From: Nick Piggin <nickpiggin@yahoo.com.au>
To: Linus Torvalds <torvalds@linux-foundation.org>
Cc: Ying Han <yinghan@google.com>, Jan Kara <jack@suse.cz>,
Andrew Morton <akpm@linux-foundation.org>,
"linux-kernel" <linux-kernel@vger.kernel.org>,
"linux-mm" <linux-mm@kvack.org>,
guichaz@gmail.com, Alex Khesin <alexk@google.com>,
Mike Waychison <mikew@google.com>,
Rohit Seth <rohitseth@google.com>,
Peter Zijlstra <a.p.zijlstra@chello.nl>
Subject: Re: ftruncate-mmap: pages are lost after writing to mmaped file.
Date: Fri, 20 Mar 2009 03:34:54 +1100 [thread overview]
Message-ID: <200903200334.55710.nickpiggin@yahoo.com.au> (raw)

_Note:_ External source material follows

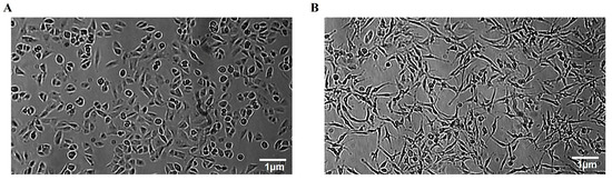 Morphological features of human GB cells. (A) Polymorphic morphology of T98G cells consisting of fibroblast-like, polygonal, and spherical cells. (B) Monomeric morphology of A172 cells consisting of fibroblast-like cells.

In-Reply-To: <alpine.LFD.2.00.0903190902000.17240@localhost.localdomain>
On Friday 20 March 2009 03:20:57 Linus Torvalds wrote:
> On Fri, 20 Mar 2009, Nick Piggin wrote:
> > But I think we do have a race in __set_page_dirty_buffers():
> >
> > The page may not have buffers between the mapping->private_lock
> > critical section and the __set_page_dirty call there. So between
> > them, another thread might do a create_empty_buffers which can
> > see !PageDirty and thus it will create clean buffers.
>
> Hmm.
>
> Creating clean buffers is locked by the page lock, nothing else. And not
> all page dirtiers hold the page lock (in fact, most try to avoid it - the
> rule is that you either have to hold the page lock _or_ hold a reference
> to the 'mapping', and the latter is what the mmap code does, I think).
>
> So yeah, the page lock isn't sufficient.

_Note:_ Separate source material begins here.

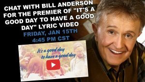 Bill Anderson so excited to get 2020 behind us he thought we could have a good day and chat about it during the premiere of the official Lyric Video of his new song “It’s A Good Day to Have a Good Day”. Bill will be online chatting with everyone right before the premiere on Youtube of the video so feel free to submit your questions to Bill at AskBill@BillAnderson.com ahead of time.

No. FWIW, I thought there might be a race due to page fault code
not holding page lock over set_page_dirty (well there *are* some kinds
of races, but they're another story). So I tried out my patches that
move that lock over set_page_dirty for __do_fault and do_wp_page
(so the lock is held over pte_mkwrite and set_page_dirty), but that
still didn't solve the problem either.
> > Holding mapping->private_lock over the __set_page_dirty should
> > fix it, although I guess you'd want to release it before calling
> > __mark_inode_dirty so as not to put inode_lock under there. I
> > have a patch for this if it sounds reasonable.
>
> That would seem to make sense. Maybe moving the "TestSetPageDirty()" from
> inside __set_page_dirty() to the caller? Something like the appended?
>
> This is TOTALLY untested. Of course.
Yeah, probably no need to hold private_lock while tagging the radix
tree (which is what my version did). So maybe this one is a little
better. I did test mine, it worked, but it didn't solve the problem.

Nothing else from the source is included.